Waterstones' science-fiction buyer Michael Rowley described the match of Colfer and Hitchhiker's as "an inspired combination", although some Hitchhiker's fans expressed regret that "a complete unique series can't remain untouched" and hoped Colfer would not "completely ruin the books".

==Radio adaptation==
And Another Thing... was adapted and abridged for BBC Radio 4's Book at Bedtime, in ten parts, broadcast from 12-23 October 2009. It was abridged by Penny Leicester, read by Stephen Mangan, with Peter Serafinowicz as the voice of The Guide, and produced by Heather Larmour. The parts are about half the size of a regular "fit" of the more formal radio adaptations of the other books, totalling about five fits in comparison, but each part has its own short title.
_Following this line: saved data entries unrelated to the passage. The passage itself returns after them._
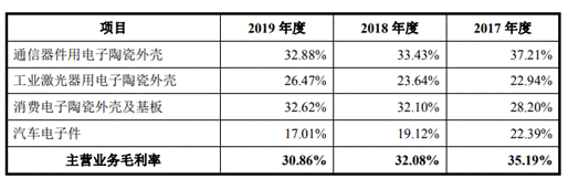 上述同期,公司第一大业务——通信器件用电子陶瓷外壳毛利率从2016年的40.37%跌至2019年的32.88%,第二大业务——汽车电子件毛利率则从2016年的20.51%跌至2019年的17.01%。
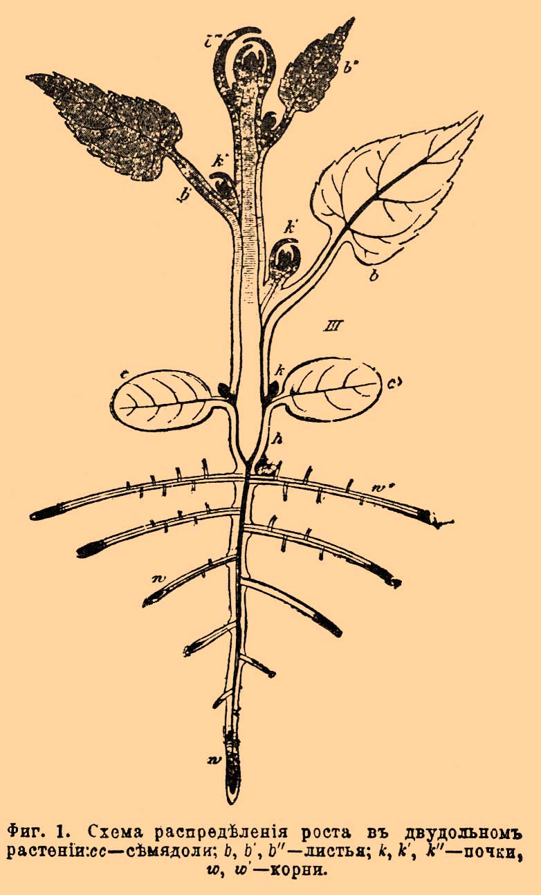 Фиг. 1. Схема распределения роста в двудольном растении: cc — семядоли; b, b', b" — листья; k, k', k" — почки; w, w' — корни.
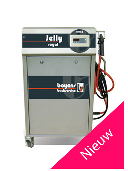 Jelly sprayer for spraying jelly directly from the Bag in Box packaging. For stock 2x BiB, total emptying closed cabinet, movable hose is heated up to the spraying gun. 1 spraying gun, digital temperature display
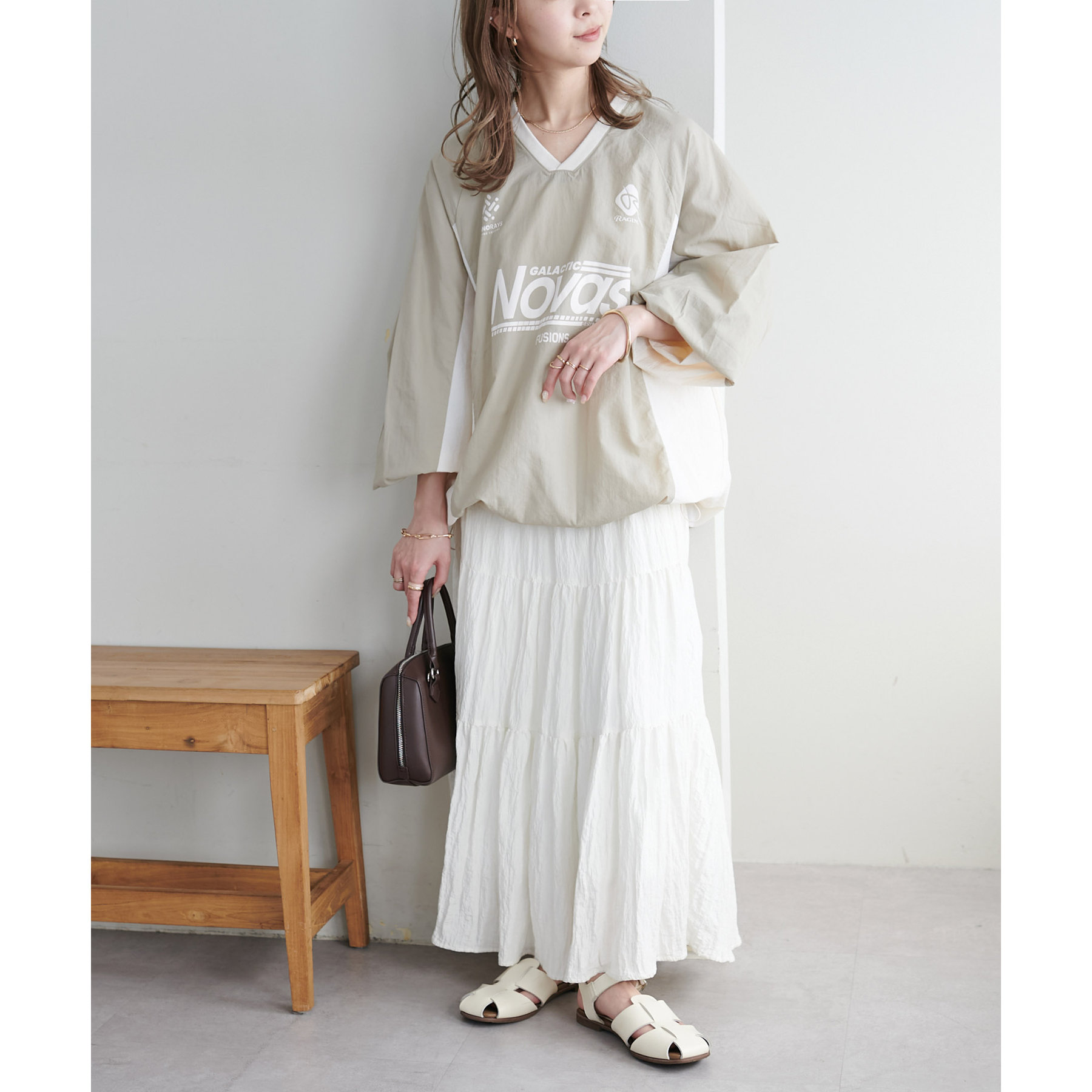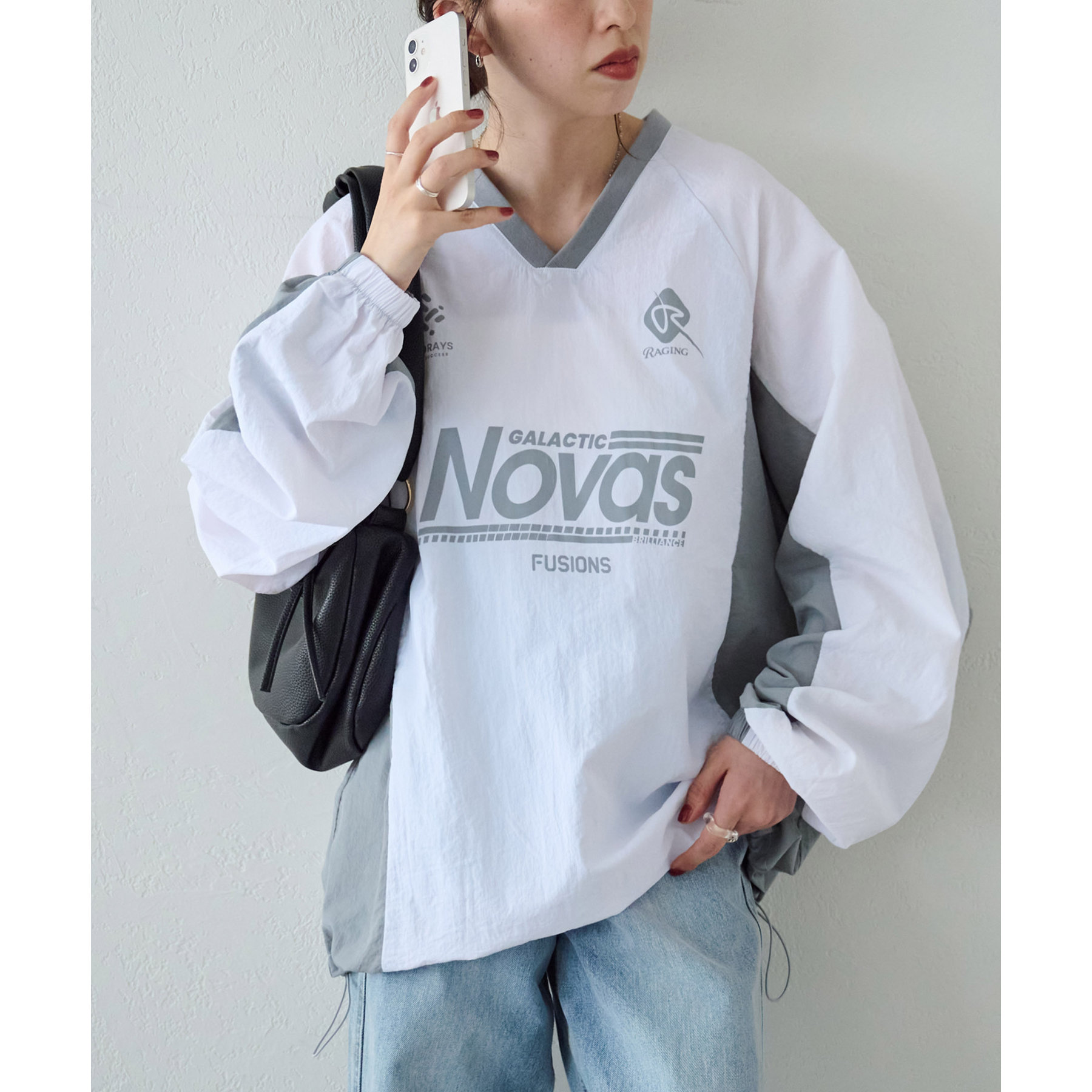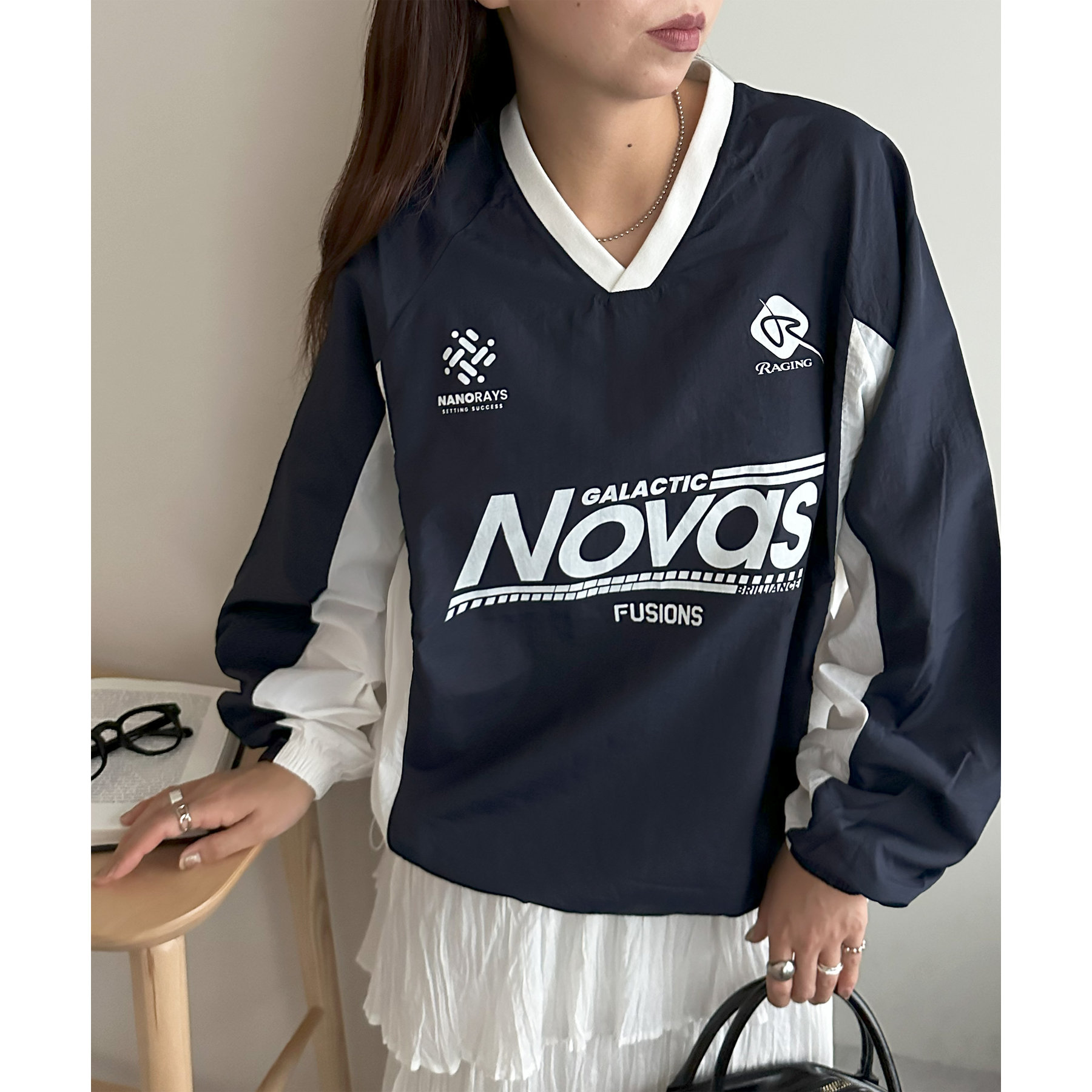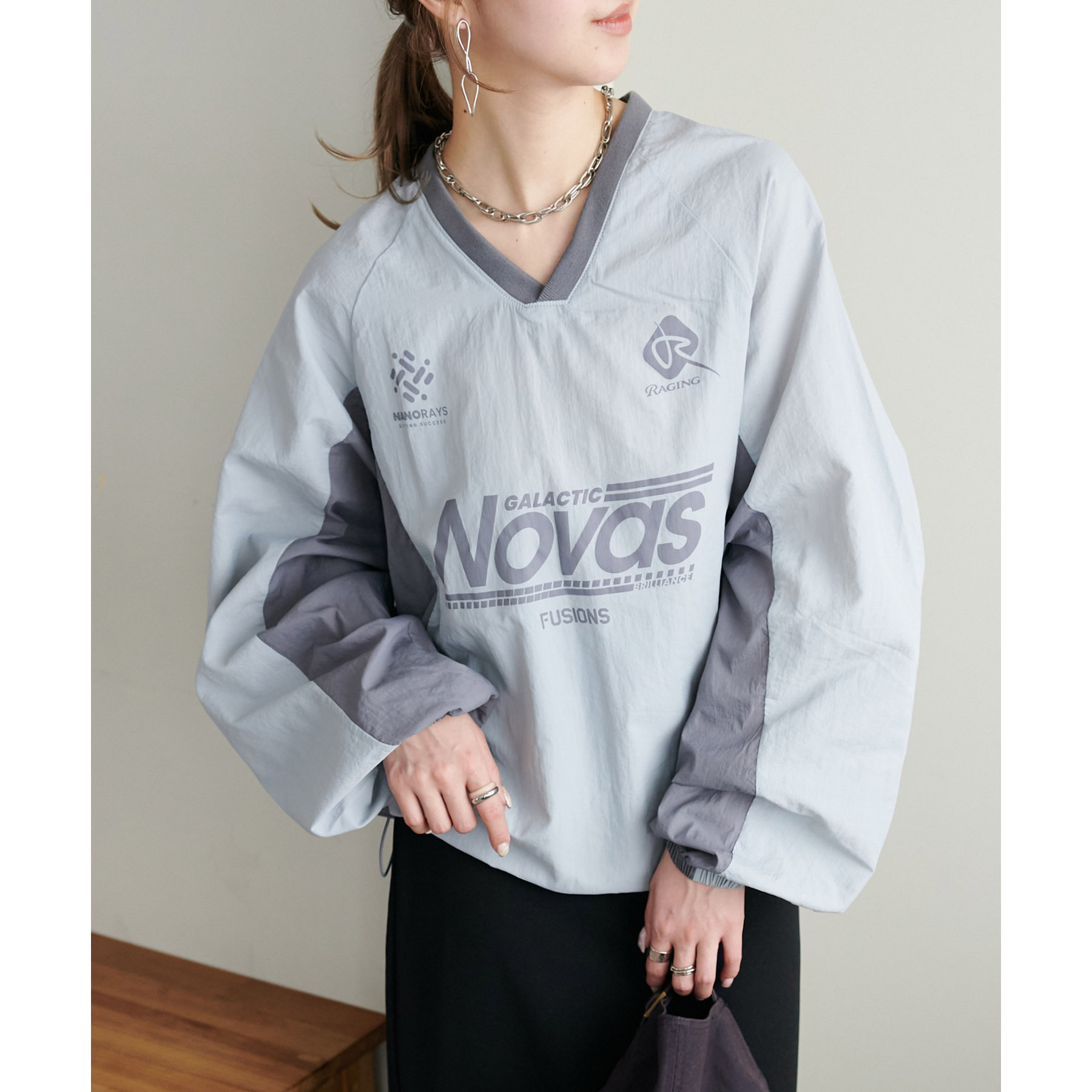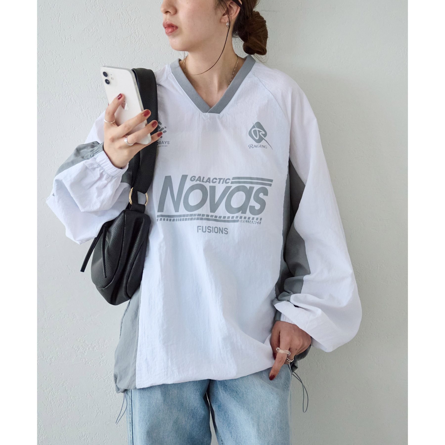 配色デザインとフロントのロゴデザインが魅力のナイロンスウェット。裾はドロスト仕様なので絞ってシルエットを丸くすれば女性らしさをプラスできます!Vネックで抜け感も◎メンズライクなアイテムなので、女性の方はスカートを合わせて少し甘さをプラスしたコーデがおすすめです♪

A full cast radio adaptation under the title The Hitchhiker's Guide to the Galaxy: The Hexagonal Phase and adapted from And Another Thing... , with unpublished Hitchhiker material by Douglas Adams, was announced in October 2017 by the BBC as the sixth series of Hitchhiker's Guide. The first episode of the series was broadcast on 8 March 2018 - the 40th anniversary of the original first episode in 1978 - and the complete series was released commercially both on CD and via audio download by Audible.com on 19 April 2018.

==Audio book==
The audio book version is read by Simon Jones, who played Arthur Dent in the radio and television series as well as a short made by BBC Radio 4 to celebrate the original announcement of the book. The recording is ten hours and twenty one minutes in length and is the first Hitchhikers audio book starring Jones. The others were read by Stephen Moore (known for playing Marvin in the radio series and television series, and did recordings for all books except Mostly Harmless), Douglas Adams, Martin Freeman (who had played Arthur in the 2005 film) and Stephen Fry (known for being the voice of The Guide in the 2005 film, the voice of Murray Bost Henson in The Quandary Phase of the radio series, and a close friend of Adams).

==Reception==
The book received mixed reviews from both readers and critics.
Reviewing the book in The Guardian, Mark Lawson described Colfer's writing as "the best post-mortem impersonation I have ever read" and considered the book "a perfectly calculated adaptation". Curtis Silver of Wired also praised the book as a continuation of Adams' story that only suffered slightly from some jokes being too clichéd. Other positive reviews came from The Times, where Lisa Tuttle described it as "a fine job", and from Euan Ferguson of The Observer, who wrote that "Colfer has pulled off the near-impossible."

Other reviews were more negative. Charlie Jane Anders, having read the first half of the book, described it as "more of the same" but without leaving a unique impression of its own, with the humour falling "incredibly flat". Private Eye summed it up as a "mostly humourless ... lame re-animation".